━━ Extracted records ━━

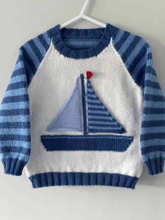 Had some blue shades of King Cole dk and thought I’d make a nautical jumper.
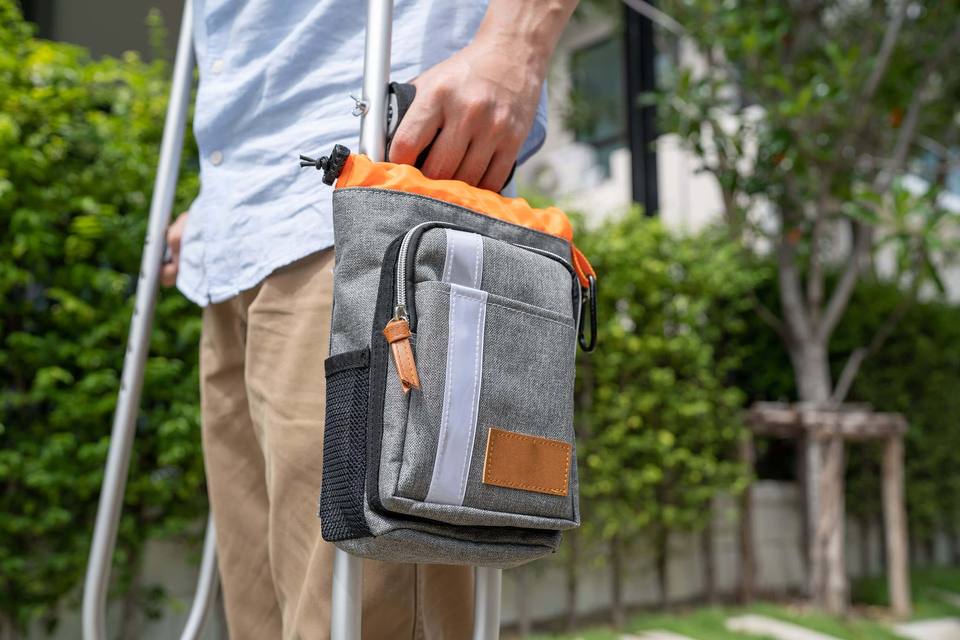 Free sample Hot Sell Taiwan Pearl Coated Crutch bag Premium Water Resistant Hanging Zip Storage Pouch Crutch Bag Bottle Holder
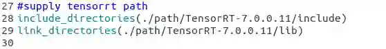 如果tensorrt是通过tar包解压安装的,还需要在CMakeList.txt中对tensorrt路径进行指定,不然会报错找不到nvinfer
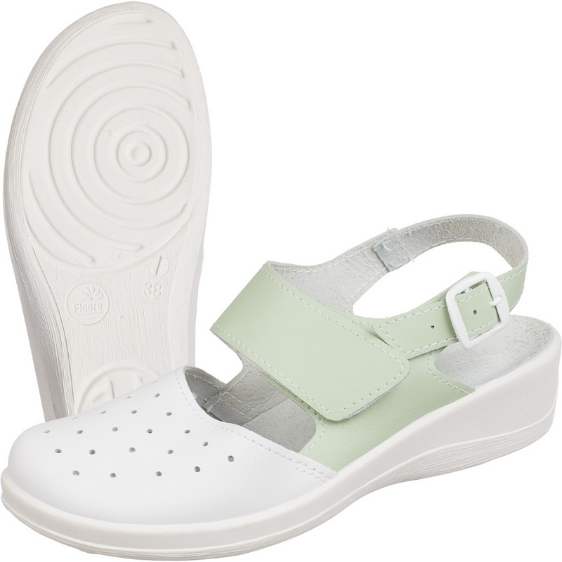 Туфли сабо модели Бэлла являются удобной женской обувью и используются в медицинских учреждениях, в легкой промышленности и как повседневная обувь. Выполнены в белом цвете с зеленым ремешком. Размер 37. Изготавливаются из натуральной кожи. Регулируемый ремешок сзади для фиксации пятки, передний ремешок на липучке позволяет регулировать подъем ноги. Союзка выполнена с перфорацией для вентиляции ноги. Подошва на танкетке литьевого метода крепления, с четким нескользящим протектором, на облегченном ПВХ, выдерживающий температурный режим при литье от 160 до 180 °C. В коллекции сабо Бэлла представлены модели в различных цветовых сочетаниях: белый с розовой отделкой, белый с голубой и зеленой отделками, полностью белые. Срок эксплуатации 90 дней, срок хранения 36 месяца при соблюдении условий эксплуатации, хранения и транспортировки. При длительном воздействии пониженных температур от -20 °C материал, из которого изготовлена обувь, теряет свои свойства и становится хрупким. ПРедназначены для защиты от общих загрязнений. Соответствуют стандартам ТР ТС 017/2011. Цвет на изображении товара в интернет-магазине или в печатном каталоге может отличаться от оригинала из-за особенностей цветопередачи монитора.
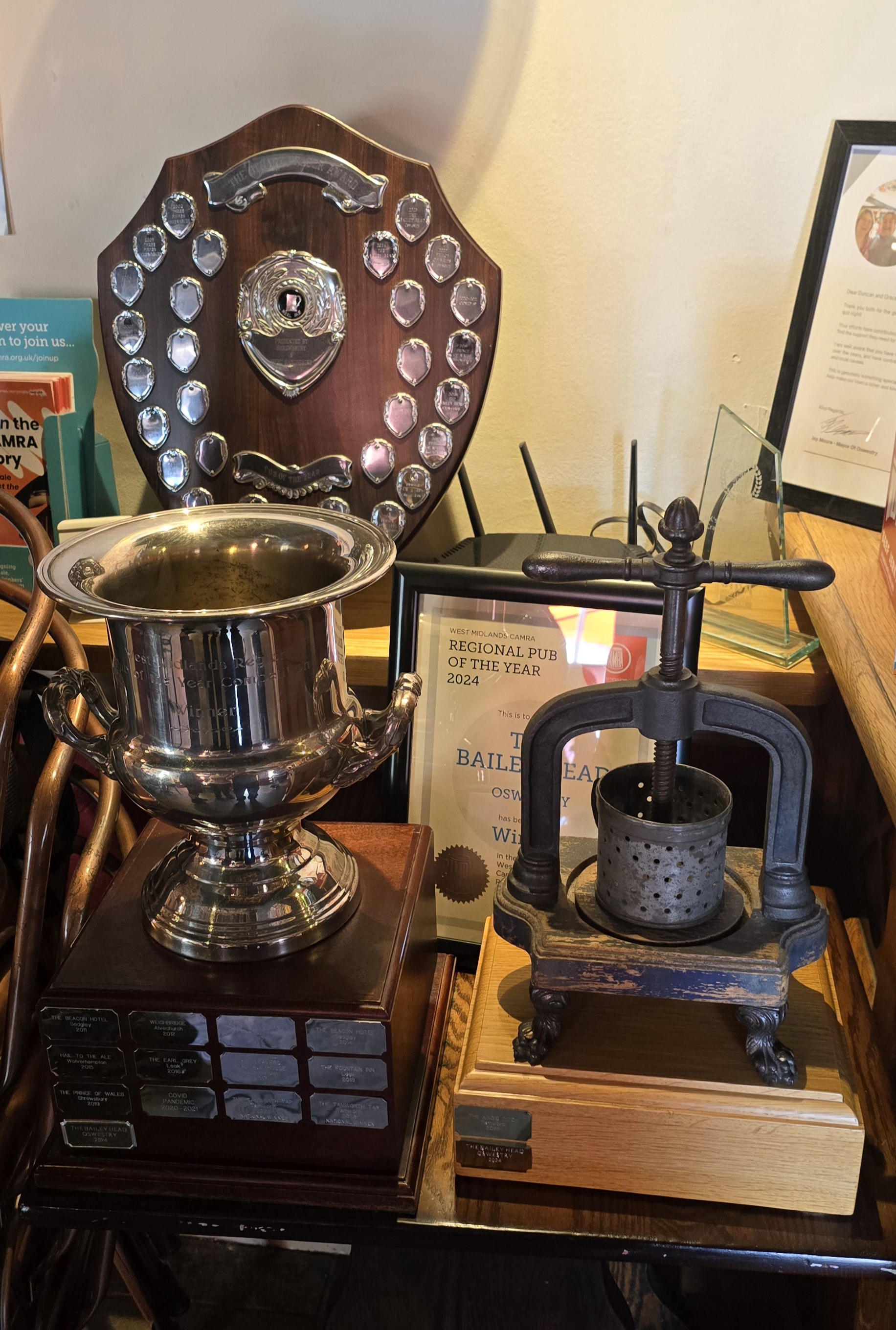 The Bailey Head has been presented with its trophies for CAMRA West Midlands Regional Pub of the Year and West Midlands Regional Cider Pub of the Year.
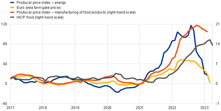 Oil prices remained broadly unchanged (+1%) since the March Governing Council meeting, as the oil price increase in reaction to the OPEC+ supply cut was counterbalanced by concerns about demand amid the recent US banking sector stress. Oil prices increased by 9% immediately after OPEC+ announced plans to reduce oil production by close to 1.7 million barrels per day (Chart 4). OPEC+ communicated an intention to act pre-emptively to stabilise oil markets in anticipation of weaker global oil demand. However, the gains in oil prices following the OPEC+ announcement were broadly reversed as oil prices continued to be affected by downside risks to US demand amid recent stress in the banking sector. However, if such downside risks do not materialise, it is worth noting that the production cut will take place in the second half of 2023, when an oil supply deficit is expected by the International Energy Agency. European gas prices fell 13% to below 40 EUR/MWh, while the EU enters the gas storage replenishment season at record-high storage levels. With the prolongation of EU gas saving measures – which envisage Member States reducing gas consumption by 15% between 1 April 2023 and 31 March 2024 – the EU is on track to achieve its 90% storage target for November 2023. Non-energy commodity prices have remained broadly unchanged since the March Governing Council meeting. International food commodity prices continued to be affected by severe droughts in Argentina and the announcements of temporary bans imposed by Poland, Hungary and Slovakia on Ukrainian grain imports, which counterbalanced the effects of the extension of the Black Sea Grain Initiative on grain prices. Meanwhile, metal prices were supported by higher Chinese demand following the recent reopening of the Chinese economy, but were weighed down by concerns over global demand amid stress in the banking sector.
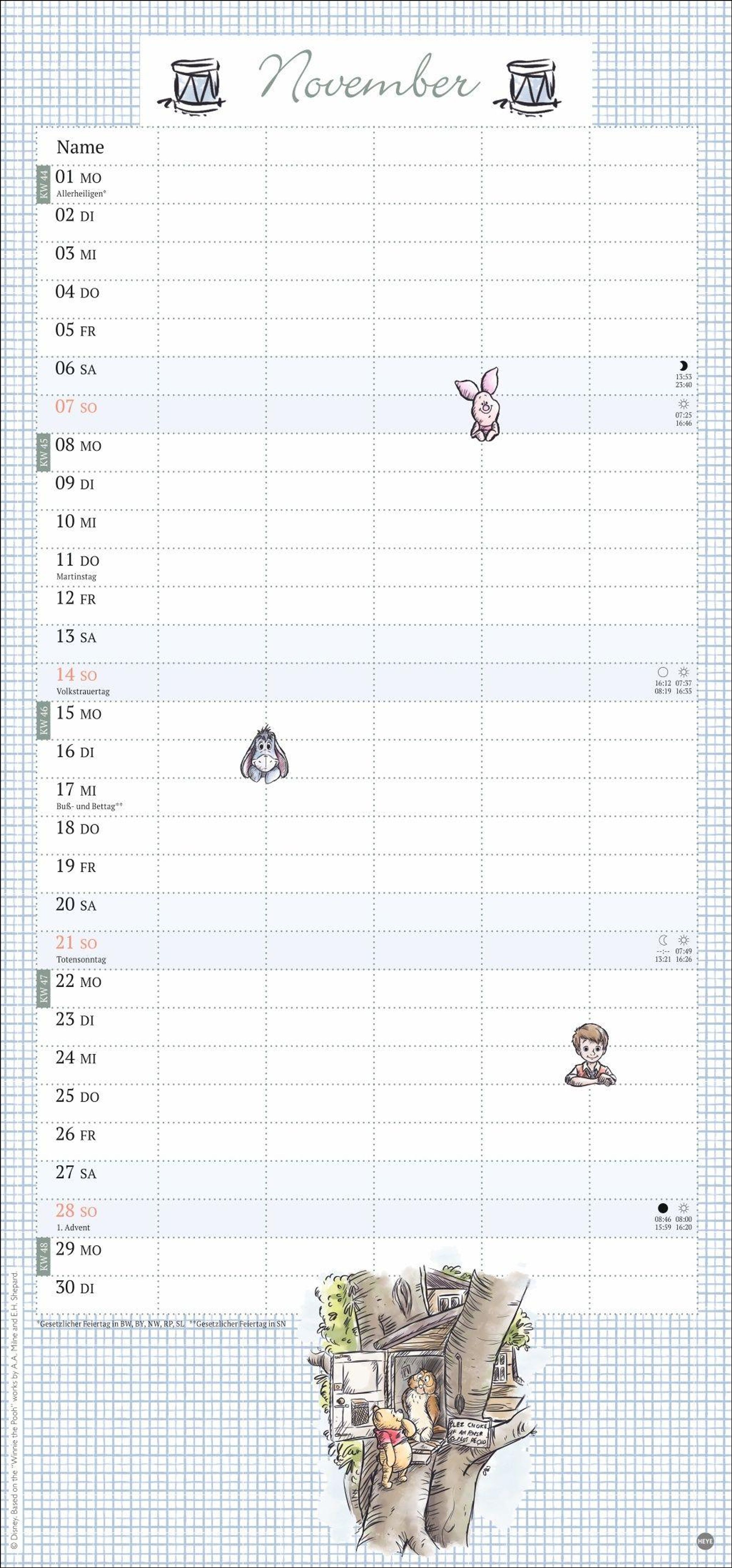- Terminkalender mit Abenteuern von Winnie Puuh und seinen Freunden. Praktischer Wandkalender mit 5 Spalten. Liebvoll illustrierter Wandplaner.
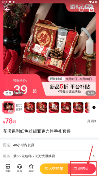 4、在商品详情页,点击立即购买按钮,完成该婚庆伴手礼商品的购买操作。
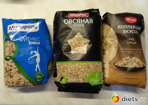 Поскольку я перестала есть животный белок, стала больше есть круп. Вот, обновила асортимент: фитнес-эксперт от Мистраль я не впервые уже беру, мне он нравится. Коричневый рис я вообще люблю. Овсяную крупу взяла впервые, попробую.
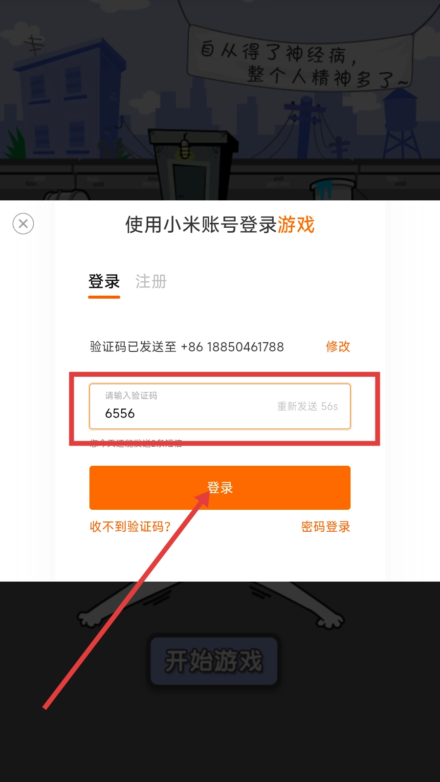 输入验证码,点击【登录】,即可开始游戏。
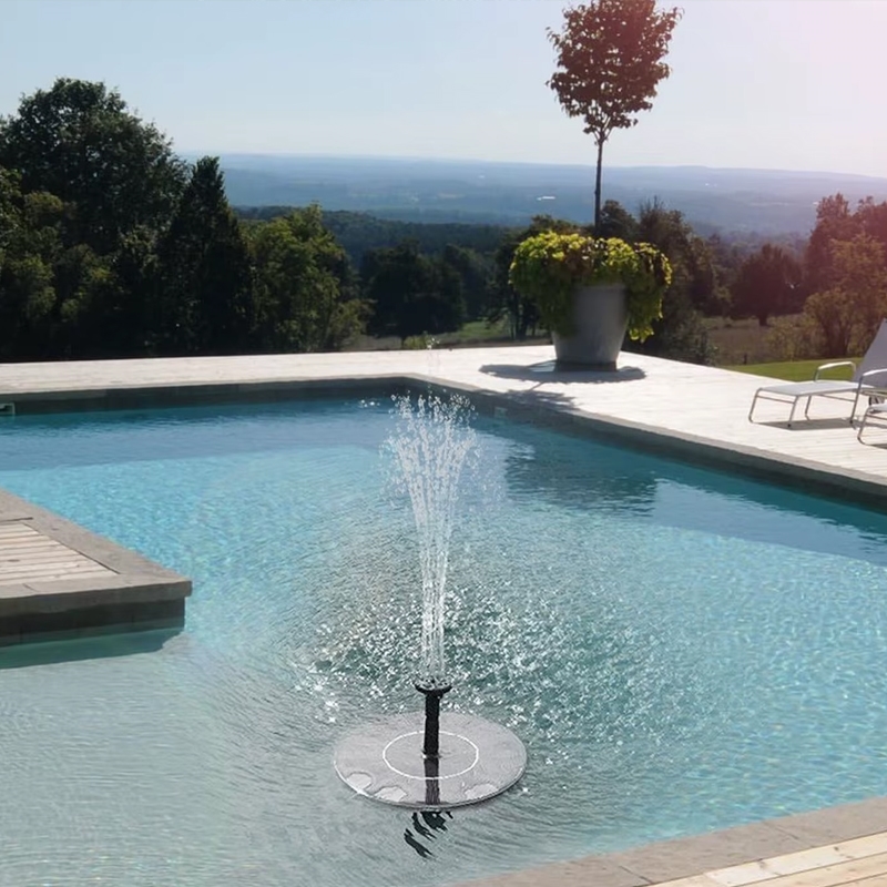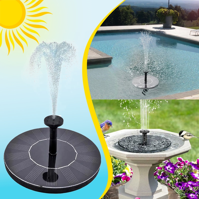 - Solar-powered floating fountain pump with four spray nozzles to decorate your garden

━━━

### Instructions for the task:
The data should be printed again unchanged; leave its pictures out.

### Exercise answer:
 Had some blue shades of King Cole dk and thought I’d make a nautical jumper.
 Free sample Hot Sell Taiwan Pearl Coated Crutch bag Premium Water Resistant Hanging Zip Storage Pouch Crutch Bag Bottle Holder
 如果tensorrt是通过tar包解压安装的,还需要在CMakeList.txt中对tensorrt路径进行指定,不然会报错找不到nvinfer
 Туфли сабо модели Бэлла являются удобной женской обувью и используются в медицинских учреждениях, в легкой промышленности и как повседневная обувь. Выполнены в белом цвете с зеленым ремешком. Размер 37. Изготавливаются из натуральной кожи. Регулируемый ремешок сзади для фиксации пятки, передний ремешок на липучке позволяет регулировать подъем ноги. Союзка выполнена с перфорацией для вентиляции ноги. Подошва на танкетке литьевого метода крепления, с четким нескользящим протектором, на облегченном ПВХ, выдерживающий температурный режим при литье от 160 до 180 °C. В коллекции сабо Бэлла представлены модели в различных цветовых сочетаниях: белый с розовой отделкой, белый с голубой и зеленой отделками, полностью белые. Срок эксплуатации 90 дней, срок хранения 36 месяца при соблюдении условий эксплуатации, хранения и транспортировки. При длительном воздействии пониженных температур от -20 °C материал, из которого изготовлена обувь, теряет свои свойства и становится хрупким. ПРедназначены для защиты от общих загрязнений. Соответствуют стандартам ТР ТС 017/2011. Цвет на изображении товара в интернет-магазине или в печатном каталоге может отличаться от оригинала из-за особенностей цветопередачи монитора.
 The Bailey Head has been presented with its trophies for CAMRA West Midlands Regional Pub of the Year and West Midlands Regional Cider Pub of the Year.
 Oil prices remained broadly unchanged (+1%) since the March Governing Council meeting, as the oil price increase in reaction to the OPEC+ supply cut was counterbalanced by concerns about demand amid the recent US banking sector stress. Oil prices increased by 9% immediately after OPEC+ announced plans to reduce oil production by close to 1.7 million barrels per day (Chart 4). OPEC+ communicated an intention to act pre-emptively to stabilise oil markets in anticipation of weaker global oil demand. However, the gains in oil prices following the OPEC+ announcement were broadly reversed as oil prices continued to be affected by downside risks to US demand amid recent stress in the banking sector. However, if such downside risks do not materialise, it is worth noting that the production cut will take place in the second half of 2023, when an oil supply deficit is expected by the International Energy Agency. European gas prices fell 13% to below 40 EUR/MWh, while the EU enters the gas storage replenishment season at record-high storage levels. With the prolongation of EU gas saving measures – which envisage Member States reducing gas consumption by 15% between 1 April 2023 and 31 March 2024 – the EU is on track to achieve its 90% storage target for November 2023. Non-energy commodity prices have remained broadly unchanged since the March Governing Council meeting. International food commodity prices continued to be affected by severe droughts in Argentina and the announcements of temporary bans imposed by Poland, Hungary and Slovakia on Ukrainian grain imports, which counterbalanced the effects of the extension of the Black Sea Grain Initiative on grain prices. Meanwhile, metal prices were supported by higher Chinese demand following the recent reopening of the Chinese economy, but were weighed down by concerns over global demand amid stress in the banking sector.
- Terminkalender mit Abenteuern von Winnie Puuh und seinen Freunden. Praktischer Wandkalender mit 5 Spalten. Liebvoll illustrierter Wandplaner.
 4、在商品详情页,点击立即购买按钮,完成该婚庆伴手礼商品的购买操作。
 Поскольку я перестала есть животный белок, стала больше есть круп. Вот, обновила асортимент: фитнес-эксперт от Мистраль я не впервые уже беру, мне он нравится. Коричневый рис я вообще люблю. Овсяную крупу взяла впервые, попробую.
 输入验证码,点击【登录】,即可开始游戏。
 - Solar-powered floating fountain pump with four spray nozzles to decorate your garden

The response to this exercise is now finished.